Synergy: A Common Goal Behind Mergers and Acquisitions
Regardless of their category or structure, all mergers and acquisitions have one common goal: they are all meant to create synergy that makes the value of the combined companies greater than the sum of the two parts. The success of a merger or acquisition depends on whether this synergy is achieved.
Synergy takes the form of revenue enhancement and cost savings. By merging, the companies hope to benefit from the following:
- Becoming bigger: Many companies use M&A to grow in size and leapfrog their rivals. While it can take years or decades to double the size of a company through organic growth, this can be achieved much more rapidly through mergers or acquisitions.

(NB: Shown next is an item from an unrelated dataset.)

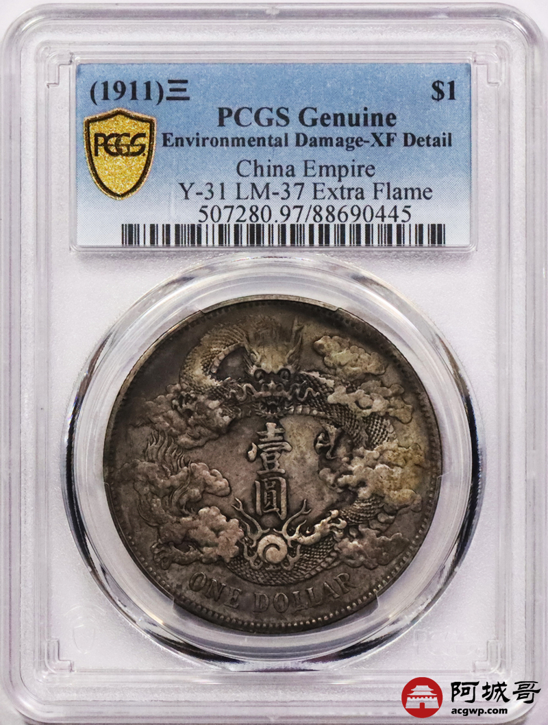 Lot:3040 1911宣统三年大清壹圆银币一枚,原味包浆 PCGS XF

- Preempted competition: This is a very powerful motivation for mergers and acquisitions, and is the primary reason why M&A activity occurs in distinct cycles. The urge to snap up a company with an attractive portfolio of assets before a rival does so generally results in a feeding frenzy in hot markets. Some examples of frenetic M&A activity in specific sectors include dot-coms and telecoms in the late 1990s, commodity and energy producers in 2006-07, and biotechnology companies in 2012-14.

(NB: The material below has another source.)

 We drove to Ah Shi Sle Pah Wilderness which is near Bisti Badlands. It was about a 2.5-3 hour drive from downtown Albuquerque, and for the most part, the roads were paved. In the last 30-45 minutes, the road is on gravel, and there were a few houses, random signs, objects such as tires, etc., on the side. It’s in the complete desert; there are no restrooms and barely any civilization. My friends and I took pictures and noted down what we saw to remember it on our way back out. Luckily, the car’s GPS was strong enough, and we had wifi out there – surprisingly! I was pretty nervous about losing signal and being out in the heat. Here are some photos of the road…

- Domination: Companies also engage in M&A to dominate their sector. However, since a combination of two behemoths would result in a potential monopoly, such a transaction would have to run the gauntlet of intense scrutiny from anti-competition watchdogs and regulatory authorities.

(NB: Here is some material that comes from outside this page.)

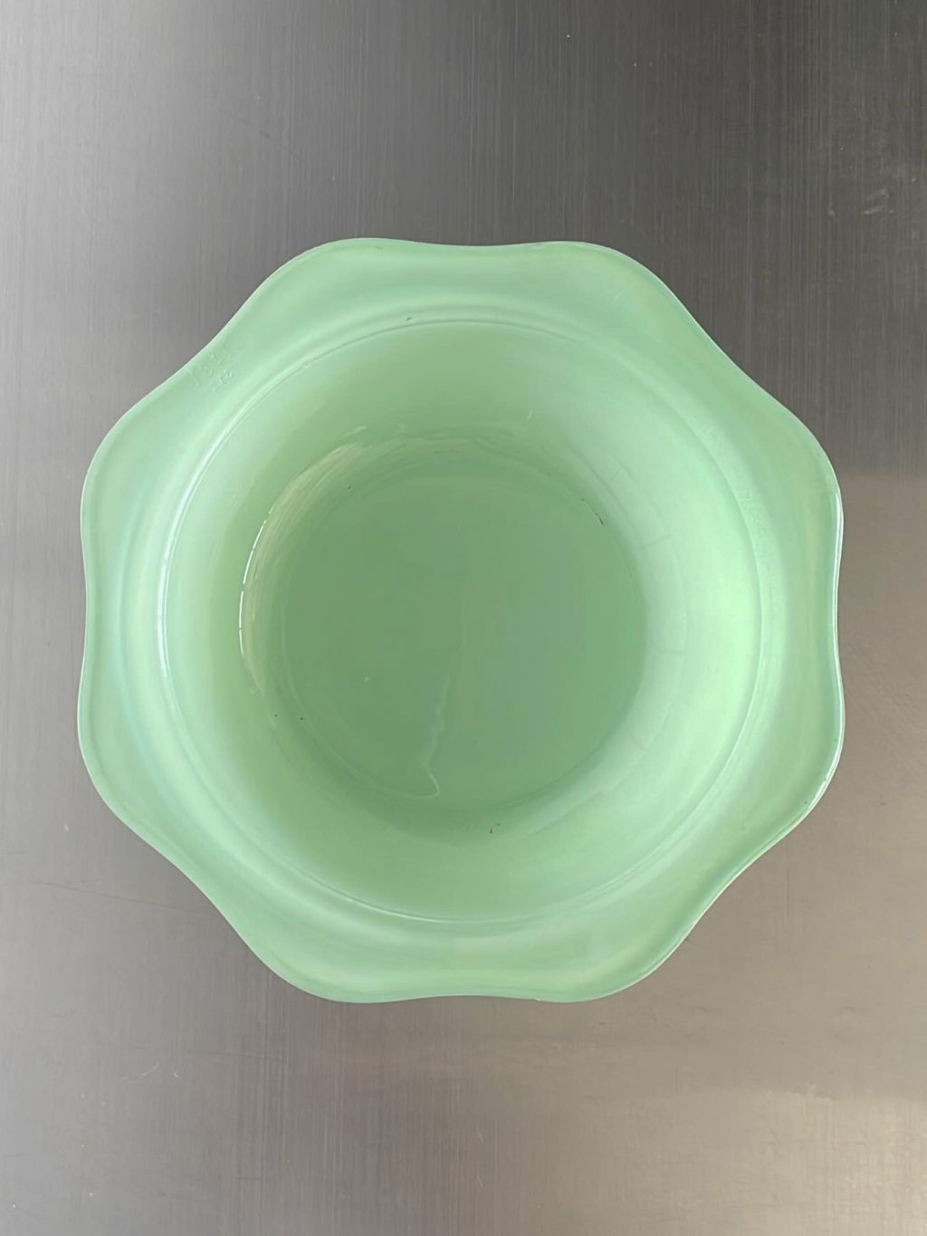 영국에서 생산된 Pyrex 사의 빈티지 유리보울입니다. 산뜻한 에메랄드 빛이 돋보이며 전체적으로 반투명한 질감을 가지고 있어 빛을 은은하게 투과시킵니다. 물결 모양의 테두리가 매력적입니다. 다양하게 활용하기 좋은 크기입니다.

- Tax benefits: Companies also use M&A for tax purposes, although this may be an implicit rather than an explicit motive. For instance, since the U.S. has the highest corporate tax rate in the world, some of the best-known American companies have resorted to corporate “inversions.” This technique involves a U.S. company buying a smaller foreign competitor and moving the merged entity’s tax home overseas to a lower-tax jurisdiction, in order to substantially reduce its tax bill.
- Staff reductions: As every employee knows, mergers tend to mean job losses. Consider all the money saved from reducing the number of staff members from accounting, marketing and other departments. Job cuts will also probably include the former CEO, who typically leaves with a compensation package.
- Economies of scale: Yes, size matters. Whether it’s purchasing stationery or a new corporate IT system, a bigger company placing the orders can save more on costs. Mergers also translate into improved purchasing power to buy equipment or office supplies—when placing larger orders, companies have a greater ability to negotiate prices with their suppliers.
- Acquiring new technology: To stay competitive, companies need to stay on top of technological developments and their business applications. By buying a smaller company with unique technologies, a large company can maintain or develop a competitive edge.
- Improved market reach and industry visibility: Companies buy companies to reach new markets and grow revenues and earnings. A merger may expand two companies’ marketing and distribution, giving them new sales opportunities. A merger can also improve a company’s standing in the investment community: bigger firms often have an easier time raising capital than smaller ones.